DATA SUPPLIED =>

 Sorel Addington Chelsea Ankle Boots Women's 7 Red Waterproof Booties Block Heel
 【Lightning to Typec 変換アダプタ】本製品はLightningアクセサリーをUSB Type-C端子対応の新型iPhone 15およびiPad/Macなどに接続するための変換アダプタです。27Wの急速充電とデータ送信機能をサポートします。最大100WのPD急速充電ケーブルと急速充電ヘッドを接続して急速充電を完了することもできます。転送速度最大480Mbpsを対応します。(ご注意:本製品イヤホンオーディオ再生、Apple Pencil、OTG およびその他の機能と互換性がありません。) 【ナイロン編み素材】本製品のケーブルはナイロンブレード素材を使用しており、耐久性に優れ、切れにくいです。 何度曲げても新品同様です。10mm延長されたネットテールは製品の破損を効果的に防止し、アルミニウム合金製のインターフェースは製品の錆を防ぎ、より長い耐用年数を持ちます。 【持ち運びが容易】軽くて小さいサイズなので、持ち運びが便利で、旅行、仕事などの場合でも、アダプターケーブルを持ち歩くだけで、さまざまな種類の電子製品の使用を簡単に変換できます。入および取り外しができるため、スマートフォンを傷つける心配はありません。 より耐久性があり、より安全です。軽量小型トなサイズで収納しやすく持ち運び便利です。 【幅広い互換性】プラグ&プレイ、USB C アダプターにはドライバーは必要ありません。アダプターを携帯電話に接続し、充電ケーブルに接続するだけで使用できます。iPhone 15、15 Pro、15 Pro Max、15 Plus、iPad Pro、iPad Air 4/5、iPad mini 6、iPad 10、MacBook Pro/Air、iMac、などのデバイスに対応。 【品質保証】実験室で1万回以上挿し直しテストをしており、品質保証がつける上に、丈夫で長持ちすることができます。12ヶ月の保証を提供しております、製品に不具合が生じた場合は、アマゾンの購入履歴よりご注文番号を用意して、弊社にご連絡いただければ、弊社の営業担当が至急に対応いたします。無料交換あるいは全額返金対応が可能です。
--
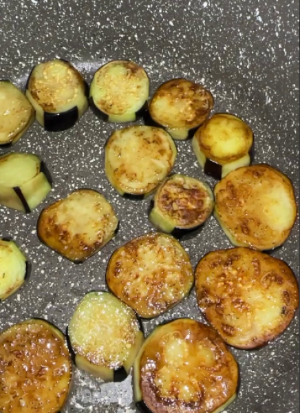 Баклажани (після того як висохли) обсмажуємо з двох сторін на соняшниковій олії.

TASK DIRECTIONS =>
As listed above, the lines from the line with "Sorel Addington Chelsea" to the line with "to Typec 変換アダプタ】本製品はLightningアクセサリーをUSB" are to be echoed exactly, with both ends included and nothing added.

EXERCISE OUTPUT =>
 Sorel Addington Chelsea Ankle Boots Women's 7 Red Waterproof Booties Block Heel
 【Lightning to Typec 変換アダプタ】本製品はLightningアクセサリーをUSB Type-C端子対応の新型iPhone 15およびiPad/Macなどに接続するための変換アダプタです。27Wの急速充電とデータ送信機能をサポートします。最大100WのPD急速充電ケーブルと急速充電ヘッドを接続して急速充電を完了することもできます。転送速度最大480Mbpsを対応します。(ご注意:本製品イヤホンオーディオ再生、Apple Pencil、OTG およびその他の機能と互換性がありません。) 【ナイロン編み素材】本製品のケーブルはナイロンブレード素材を使用しており、耐久性に優れ、切れにくいです。 何度曲げても新品同様です。10mm延長されたネットテールは製品の破損を効果的に防止し、アルミニウム合金製のインターフェースは製品の錆を防ぎ、より長い耐用年数を持ちます。 【持ち運びが容易】軽くて小さいサイズなので、持ち運びが便利で、旅行、仕事などの場合でも、アダプターケーブルを持ち歩くだけで、さまざまな種類の電子製品の使用を簡単に変換できます。入および取り外しができるため、スマートフォンを傷つける心配はありません。 より耐久性があり、より安全です。軽量小型トなサイズで収納しやすく持ち運び便利です。 【幅広い互換性】プラグ&プレイ、USB C アダプターにはドライバーは必要ありません。アダプターを携帯電話に接続し、充電ケーブルに接続するだけで使用できます。iPhone 15、15 Pro、15 Pro Max、15 Plus、iPad Pro、iPad Air 4/5、iPad mini 6、iPad 10、MacBook Pro/Air、iMac、などのデバイスに対応。 【品質保証】実験室で1万回以上挿し直しテストをしており、品質保証がつける上に、丈夫で長持ちすることができます。12ヶ月の保証を提供しております、製品に不具合が生じた場合は、アマゾンの購入履歴よりご注文番号を用意して、弊社にご連絡いただければ、弊社の営業担当が至急に対応いたします。無料交換あるいは全額返金対応が可能です。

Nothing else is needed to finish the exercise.